Records to use ▸
== == ==

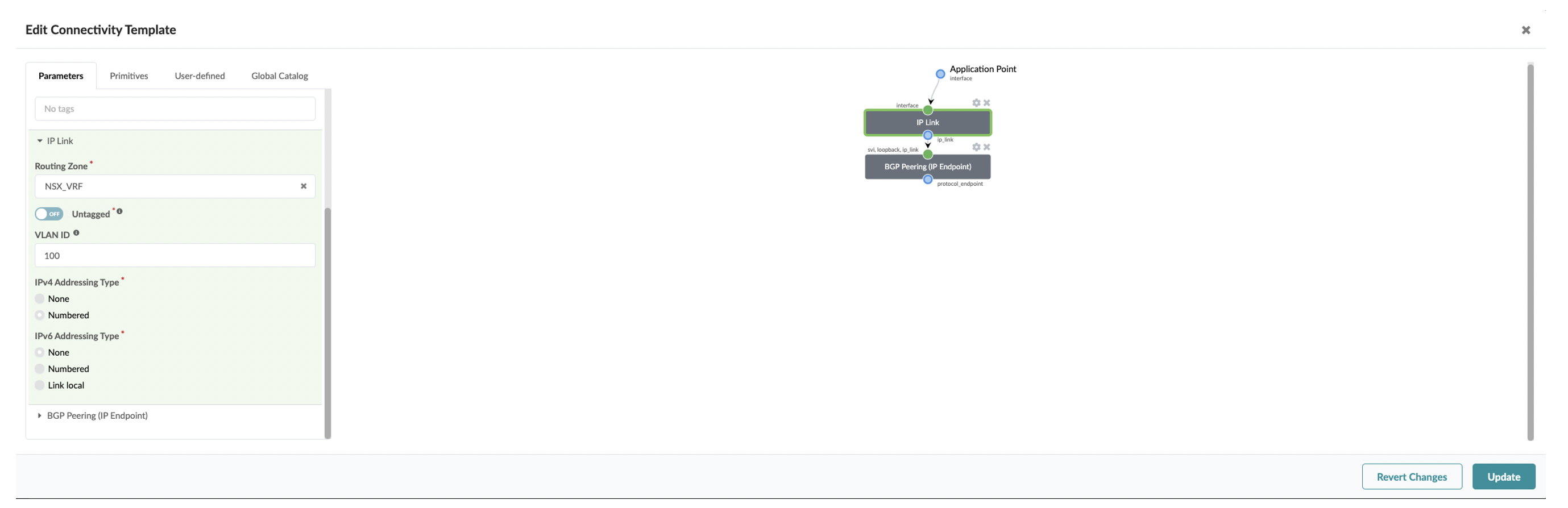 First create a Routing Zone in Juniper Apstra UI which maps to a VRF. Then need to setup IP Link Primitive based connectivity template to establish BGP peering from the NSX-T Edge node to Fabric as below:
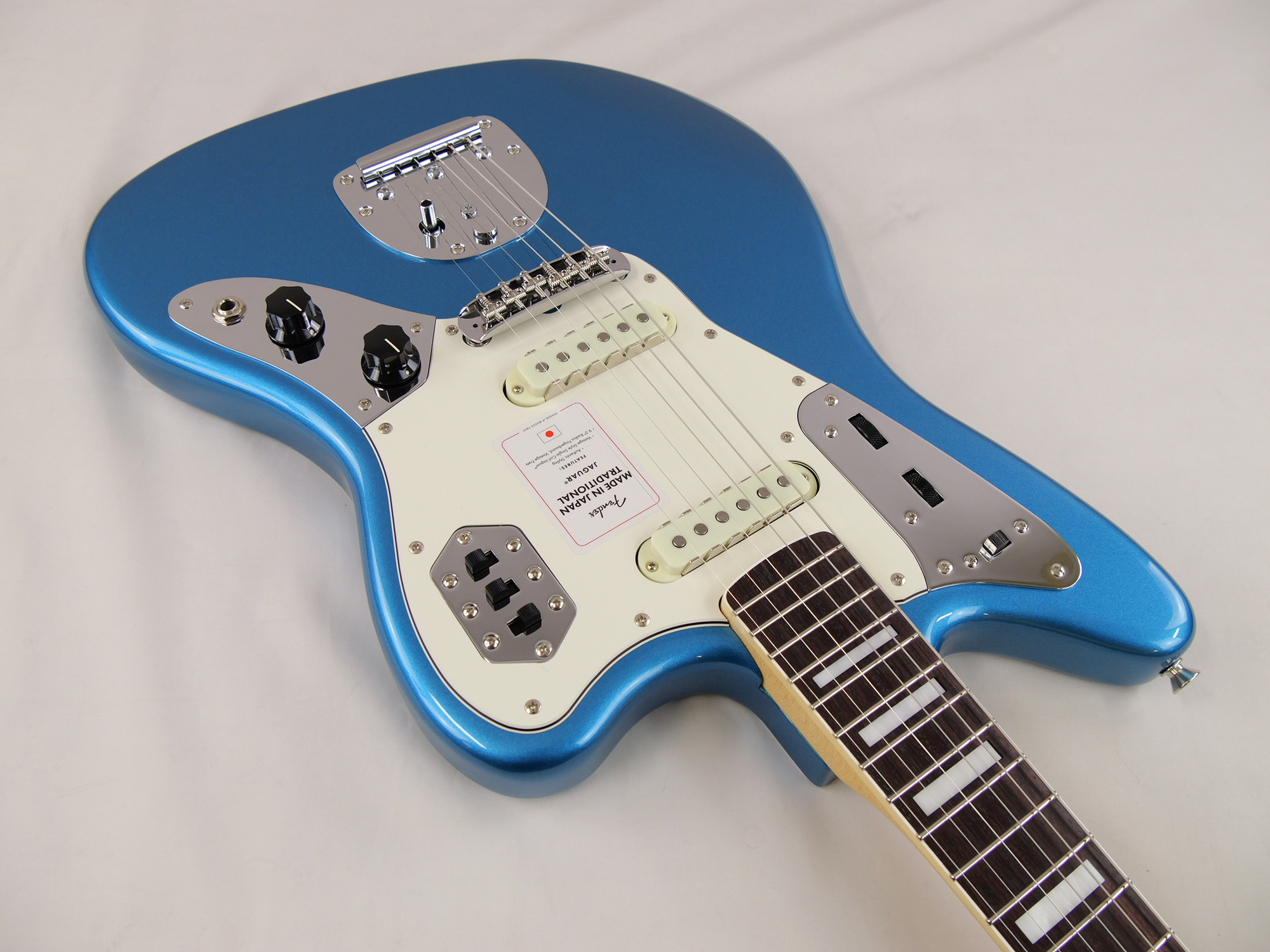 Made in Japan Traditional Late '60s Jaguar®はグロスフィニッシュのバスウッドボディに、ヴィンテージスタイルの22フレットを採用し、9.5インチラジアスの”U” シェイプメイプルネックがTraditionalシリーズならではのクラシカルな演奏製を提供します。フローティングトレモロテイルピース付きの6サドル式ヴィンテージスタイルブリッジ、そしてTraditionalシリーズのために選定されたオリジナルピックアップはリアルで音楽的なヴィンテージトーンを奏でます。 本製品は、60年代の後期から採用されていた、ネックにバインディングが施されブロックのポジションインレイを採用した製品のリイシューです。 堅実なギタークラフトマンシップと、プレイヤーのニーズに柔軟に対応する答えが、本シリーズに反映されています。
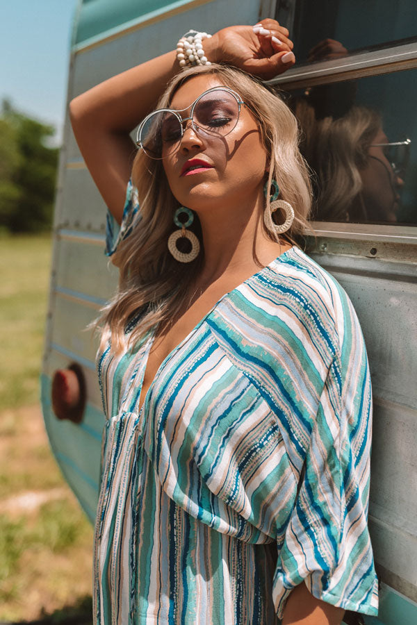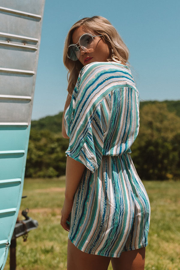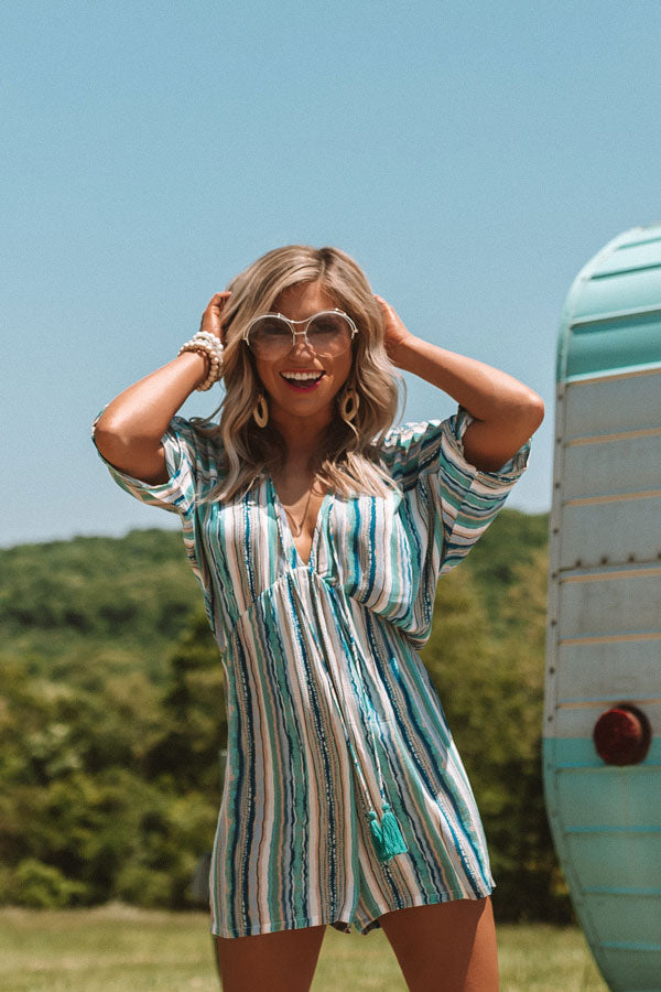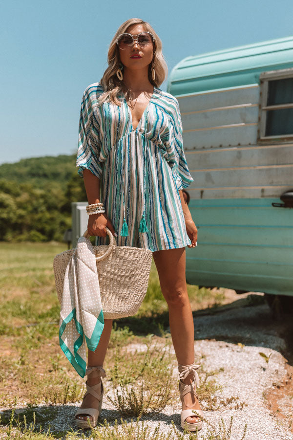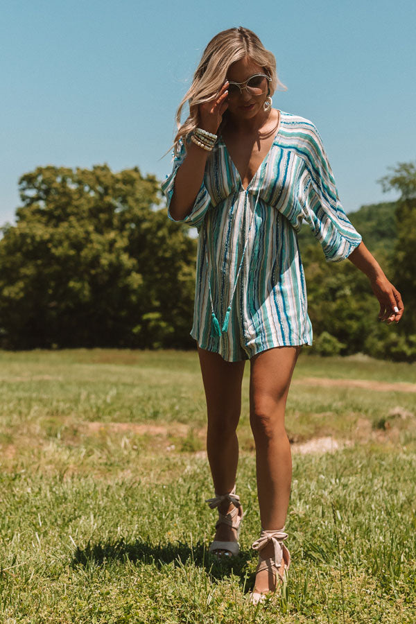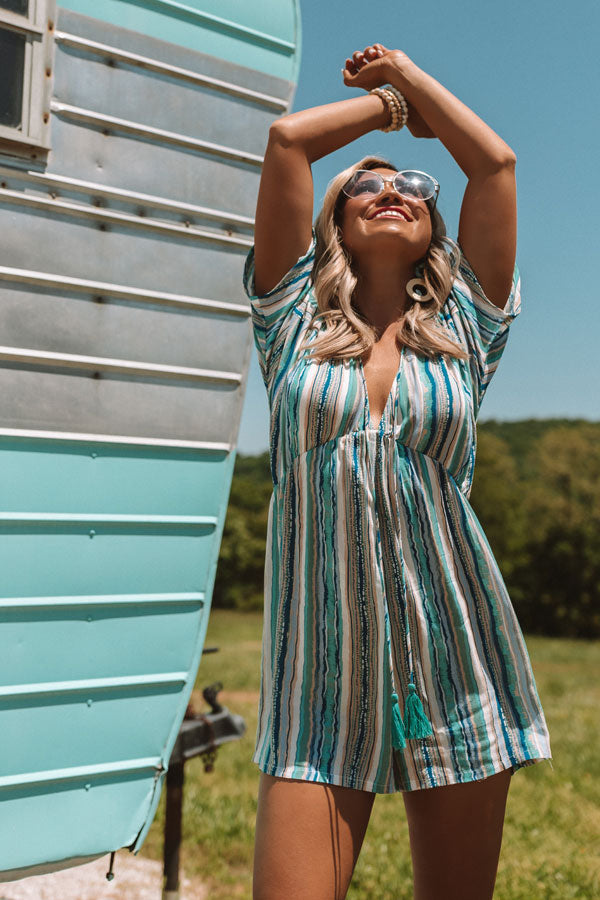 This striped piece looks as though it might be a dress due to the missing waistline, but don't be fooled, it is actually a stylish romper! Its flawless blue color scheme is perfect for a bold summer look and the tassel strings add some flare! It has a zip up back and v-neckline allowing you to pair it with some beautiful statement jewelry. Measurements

== == ==

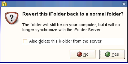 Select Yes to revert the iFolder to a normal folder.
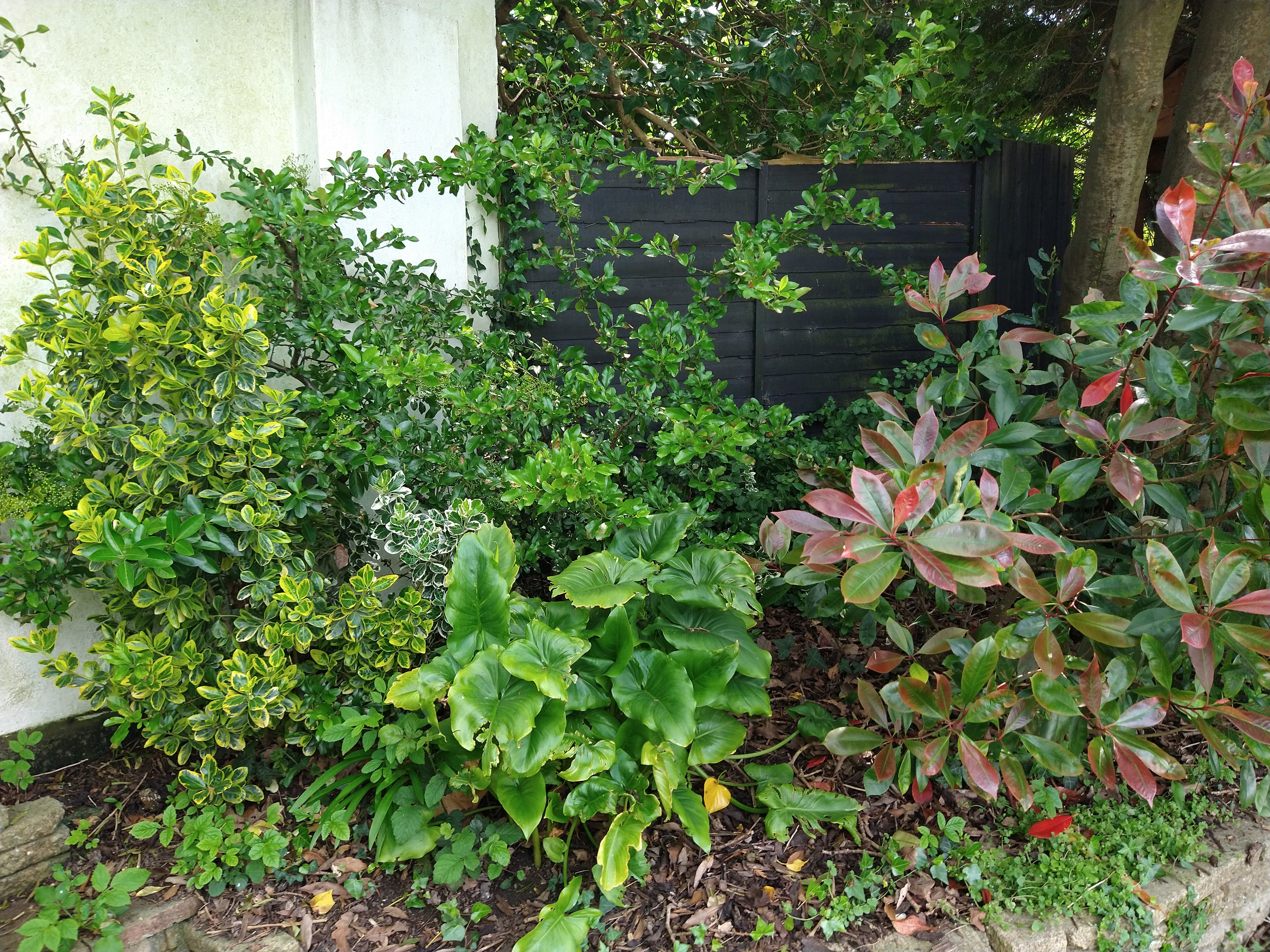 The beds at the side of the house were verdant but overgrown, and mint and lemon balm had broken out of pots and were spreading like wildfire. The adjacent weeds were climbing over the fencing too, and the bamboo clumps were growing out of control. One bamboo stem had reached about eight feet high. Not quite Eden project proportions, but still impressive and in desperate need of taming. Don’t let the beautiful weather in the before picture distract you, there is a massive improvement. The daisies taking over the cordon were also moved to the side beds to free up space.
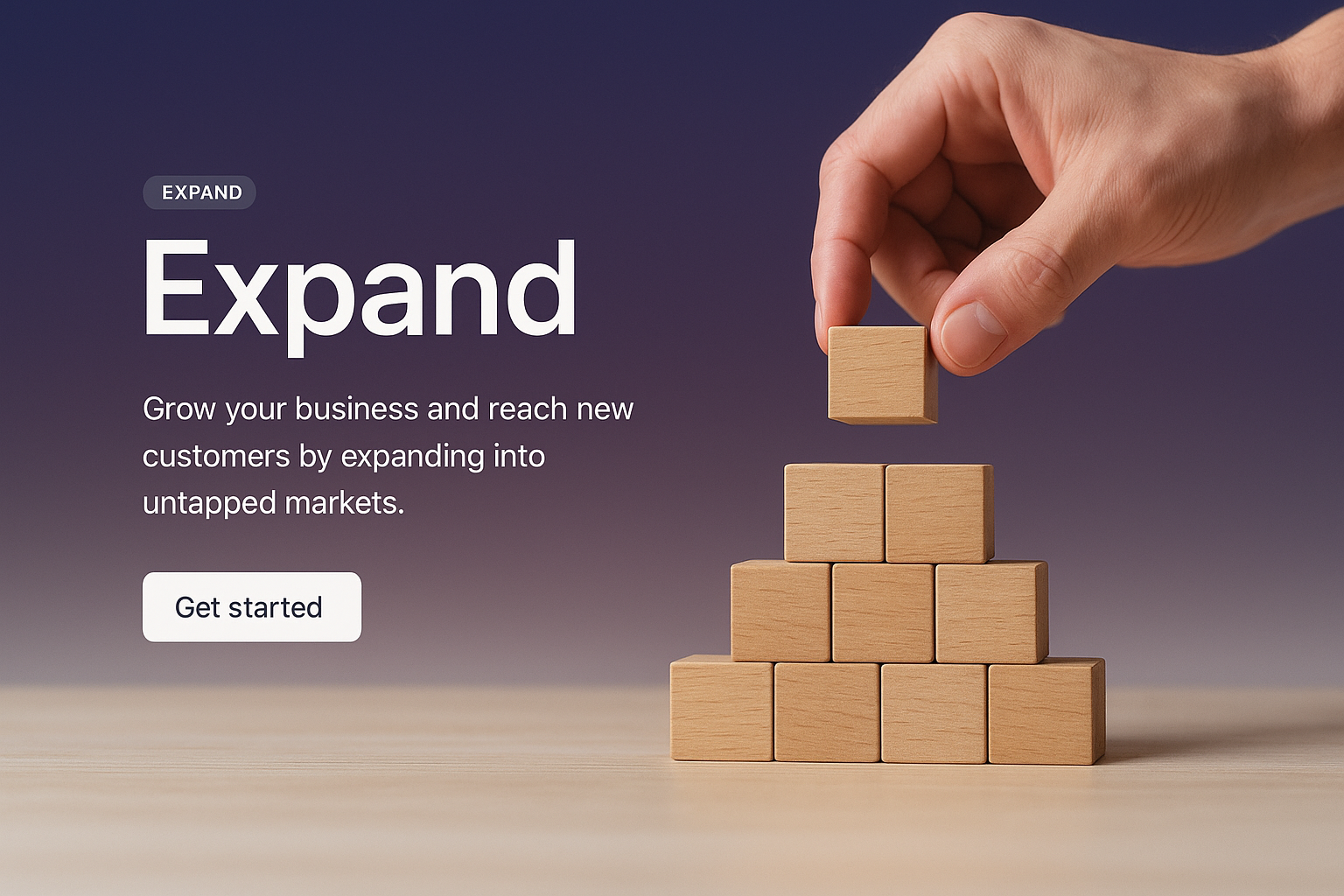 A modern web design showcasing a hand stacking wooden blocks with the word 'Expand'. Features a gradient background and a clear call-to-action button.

== == ==

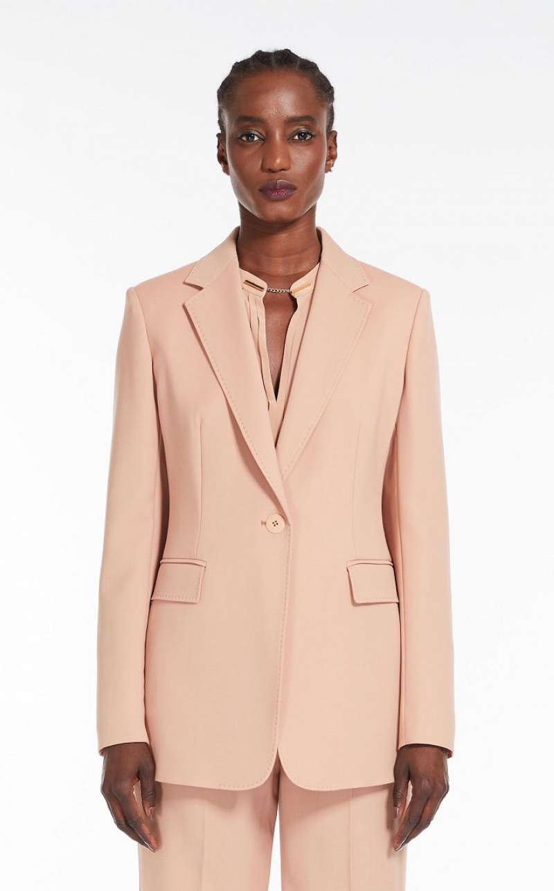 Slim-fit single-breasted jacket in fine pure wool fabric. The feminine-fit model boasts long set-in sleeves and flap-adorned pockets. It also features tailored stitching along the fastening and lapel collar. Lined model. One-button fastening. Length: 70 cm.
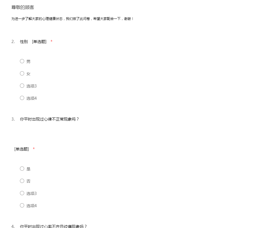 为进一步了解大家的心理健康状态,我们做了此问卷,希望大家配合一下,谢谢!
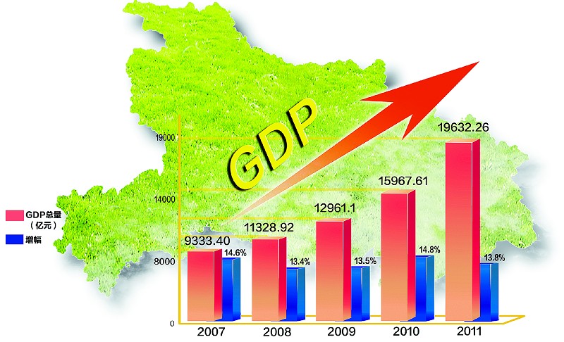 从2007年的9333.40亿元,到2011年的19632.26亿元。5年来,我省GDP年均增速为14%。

== == ==

Requirement ▸ Above are the records; restate exactly the lines from the one containing "Slim-fit single-breasted jacket" through the one containing "从2007年的9333.40", keeping pictures out.

Response to this exercise ▸
 Slim-fit single-breasted jacket in fine pure wool fabric. The feminine-fit model boasts long set-in sleeves and flap-adorned pockets. It also features tailored stitching along the fastening and lapel collar. Lined model. One-button fastening. Length: 70 cm.
 为进一步了解大家的心理健康状态,我们做了此问卷,希望大家配合一下,谢谢!
 从2007年的9333.40亿元,到2011年的19632.26亿元。5年来,我省GDP年均增速为14%。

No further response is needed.